The Group is involved in a number of legal suits as defendant. The estimated value of the contingent liabilities is $1.2 million (Dec 2018: $2.4 million). The contingent liability for the period ended 30 September 2019 is determined based on possible occurrences though unlikely to occur. No provision has been made for this potential liability in these financial statements. Management and the Group's solicitors are of the opinion that the Group will suffer no loss from these claims.

29.  Dividend

The Board has proposed a interim dividend of $0.05 (2018: $0.05) per share. The aggregate amount of the proposed dividend expected to be paid out of retained earnings but for which no liability has been recognised in the financial statements is $29.4 million (2018: $29.4 million).

30.  Events after the reporting period

On 15 October 2019, the Group announced its plans to acquire Eland Oil and Gas Plc. The main asset of Eland Oil and Gas Plc is Oil Mining Lease 40 located in the Niger Delta.
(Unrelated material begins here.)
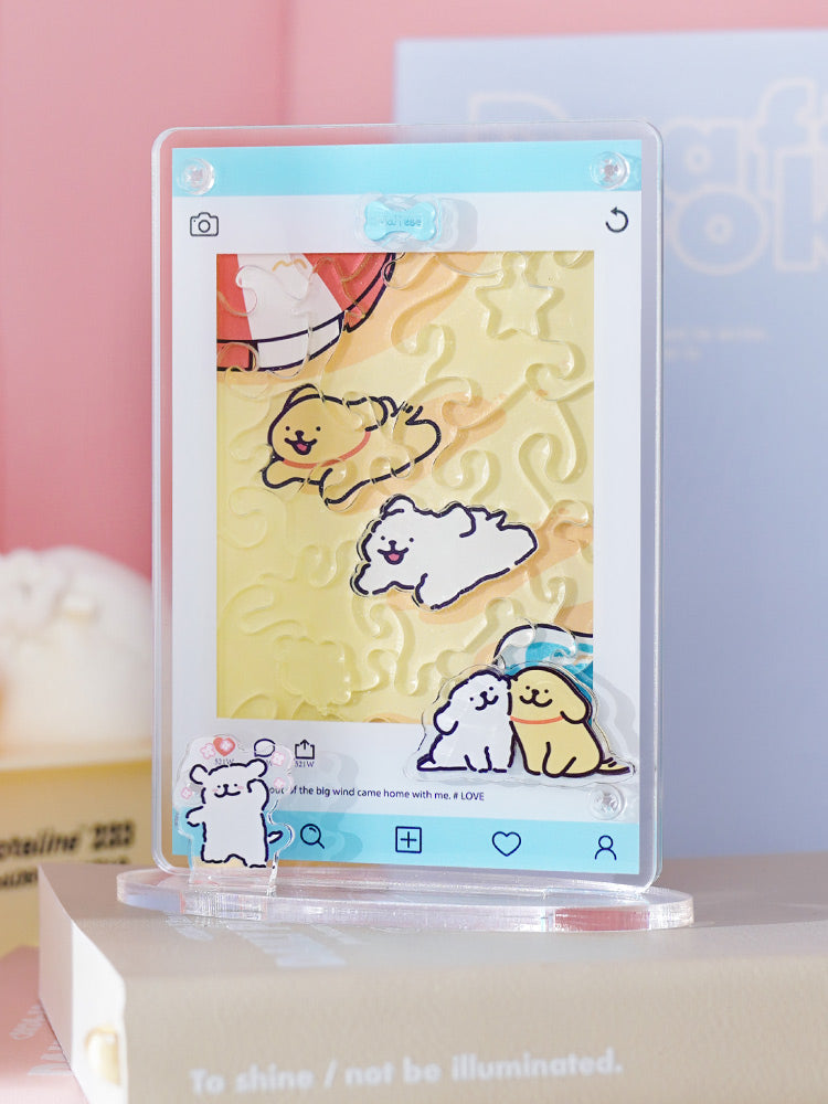 حوّل مكتبك أو غرفتك إلى مساحة كيوت مع إطار أكريليك فريد بتصميم منشور سوشيال ميديا يحتوي على بازل لطيف لشخصيات كلاب مرحة. قطعة ديكور ممتعة تجمع بين اللعب والزينة، مثالية للهدايا ولمحبي الأشياء الكيوت والديكور العصري. تصميم شفاف أنيق مع قاعدة ثابتة، يضيف لمسة دافئة لأي مكان.

It was disclosed in the notice published by the Group that both companies had reached an agreement on the terms of the acquisition. The financial effects of this transaction have not been recognised at 30 September 2019 as the acquisition has not completed.

31.  Changes in accounting policies

This note explains the impact of adoption of IFRS 16: Leases on the Group's financial statements.

Leases

The Group's leased assets include buildings and land. Lease terms are negotiated on an individual basis and contain different terms and conditions, including extension options. The lease terms are between 1 and 5 years. On renewal of a lease, the terms are renegotiated. Leased assets may not be used as security for borrowing purposes.

Until the 2018 financial year, leases of property, plant and equipment were classified as operating leases. Payments made under operating leases were recognised as rentals in the statement of profit or loss and other comprehensive income on a straight-line basis and disclosed within general and administrative expenses over the period of the lease.

From 1 January 2019, on adoption of IFRS 16, leased assets are recognised as right-of-use assets and a corresponding liability at the date at which the leased asset is available for use by the Group is also recognised. The Group elected to use the transition practical expedient which allows the standard to be applied to contracts that were previously identified as leases under IAS 17 (Leases) and IFRIC 4 (Determining whether an arrangement contains a lease) at the date of initial application.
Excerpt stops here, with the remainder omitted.